Pytanie, które Jezusowi postawił bogaty młodzieniec, każdy z nas winien stawiać codziennie. Młodzieniec zapewne nie doszedł do majątku własnymi siłami, swoją przemyślnością i przedsiębiorczością. Mógł bogactwo odziedziczyć po swoich przodkach. I na pewno tak było, przecież nie wygrał go na loterii. A zatem jego dylemat nie był tylko jego dylematem, ale też pytaniem przodków. Młodzieniec nie stawiał Jezusowi pytania z dystansu, z odległości, przez osoby trzecie. Pytający zbliżył się do Jezusa. Pokonał lęk, irracjonalne uprzedzenie. Okazał się, czyniąc ten krok, „bohaterem”. Pytanie skierowane do Jezusa zawierało w sobie jednocześnie stwierdzenie, czy nawet wyznanie wiary w Jezusa jako Nauczyciela.

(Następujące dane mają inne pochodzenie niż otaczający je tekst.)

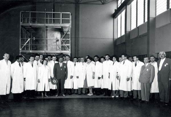 Првата верижна реакција на овој реактор се случила на 30 април 1958 година. Колку тоа значело за меѓународниот престиж на Југославија, говори податокот дека веќе на 17 мај шефот на државата, Јосип Броз, свечено го пуштил во употреба реакторот. На комеморативната плоча пишува дека тој ден во 9 часот и 16 минути и во негово присуство била постигната верижна реакција, што била јасна порака дека во работата со реакторот е постигната заштита од радијација, со околу 200 килограми ураниум. Но, тоа не било така: притискањето на копчето од страна на претседателот било симболично, а заштитата на операторите била далеку под нивото што било достигнато во тогашниот свет.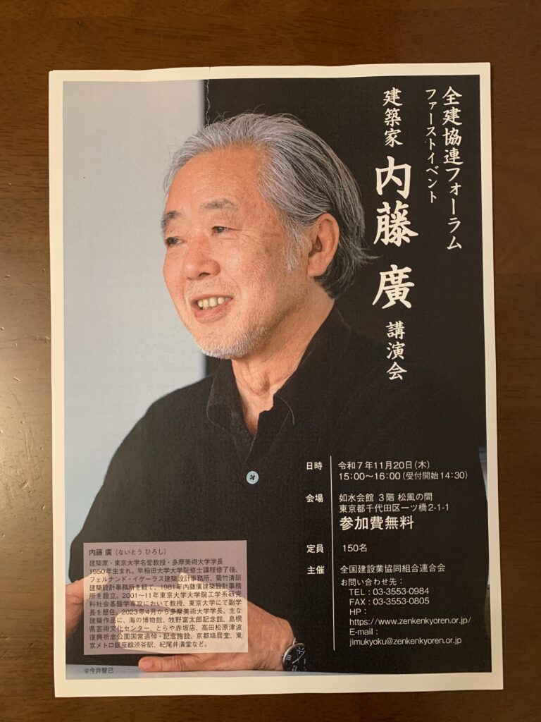 全建協連フォーラムのイベントに招聘され、登壇された内藤廣先生。

Bogaty młodzieniec przypomniał wszystkim czytelnikom i słuchaczom Ewangelii, iż Jezus jest Nauczycielem prowadzącym człowieka za rękę ku pełni jego człowieczeństwa, z pełnym szacunkiem dla jego wolności. W czasach Jezusa uczniowie przyjmowali, słuchali nauki swoich nauczycieli „siedząc u ich stóp”. Tylko w pokorze, w skupieniu, zatrzymując się „na chwilę”, można w pełni przyjąć wskazówki odnoszące się nie do „danej chwili”, ale nade wszystko do wieczności. Jezus Nauczyciel nie wyciąga człowieka z przepastnego zła ignorancji „na siłę”. Nie stosował podstępu, by go pozyskać dla Ewangelii. Mówił po prostu: „Jeśli chcesz…” Mistrz jednocześnie wskazywał na Boga, który jest „jedynym dobrym”.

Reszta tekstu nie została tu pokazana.